Dai Ying, Ma Shuangge
School of Public Health, Yale University, New Haven, CT, USA.
J Nonparametr Stat. 2012 Jun 1;24(2):283-298. doi: 10.1080/10485252.2012.661054. Epub 2012 Apr 30.
Semiparametric regression models with multiple covariates are commonly encountered. When there are covariates not associated with response variable, variable selection may lead to sparser models, more lucid interpretations and more accurate estimation. In this study, we adopt a sieve approach for the estimation of nonparametric covariate effects in semiparametric regression models.
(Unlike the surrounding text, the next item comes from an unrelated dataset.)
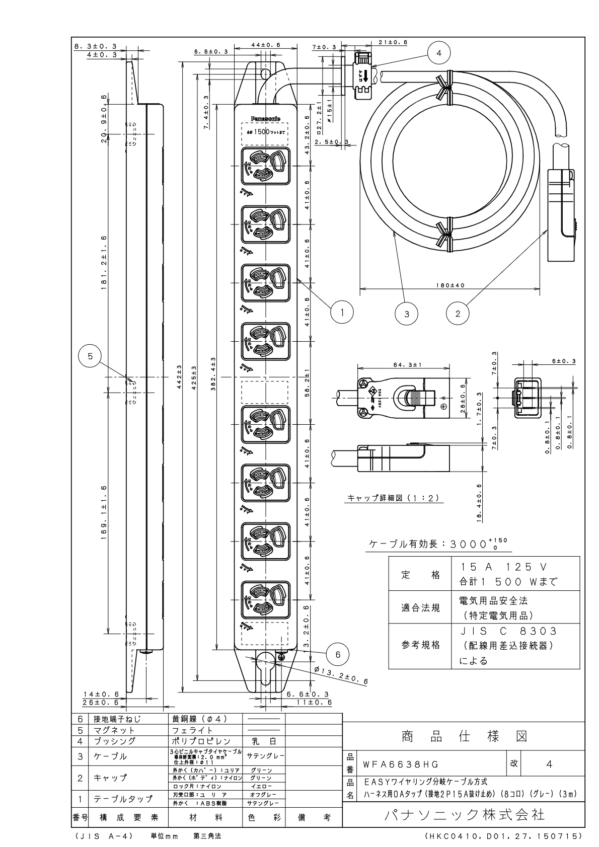 - 電設資材 > パナソニック(Panasonic) > タップ > ハーネス用OAタップ > 8コ口抜け止めアース付

We adopt a two-step iterated penalization approach for variable selection. In the first step, a mixture of the Lasso and group Lasso penalties are employed to conduct the first-round variable selection and obtain the initial estimate. In the second step, a mixture of the weighted Lasso and weighted group Lasso penalties, with weights constructed using the initial estimate, are employed for variable selection. We show that the proposed iterated approach has the variable selection consistency property, even when number of unknown parameters diverges with sample size. Numerical studies, including simulation and analysis of a diabetes dataset, show satisfactory performance of the proposed approach.
具有多个协变量的半参数回归模型很常见。当存在与响应变量无关的协变量时,变量选择可能会导致模型更稀疏、解释更清晰且估计更准确。在本研究中,我们采用一种筛法来估计半参数回归模型中的非参数协变量效应。我们采用两步迭代惩罚法进行变量选择。第一步,使用Lasso和组Lasso惩罚的混合来进行第一轮变量选择并获得初始估计。第二步,使用基于初始估计构建权重的加权Lasso和加权组Lasso惩罚的混合进行变量选择。我们表明,即使未知参数的数量随样本量发散,所提出的迭代方法也具有变量选择一致性属性。数值研究,包括对糖尿病数据集的模拟和分析,表明所提出方法具有令人满意的性能。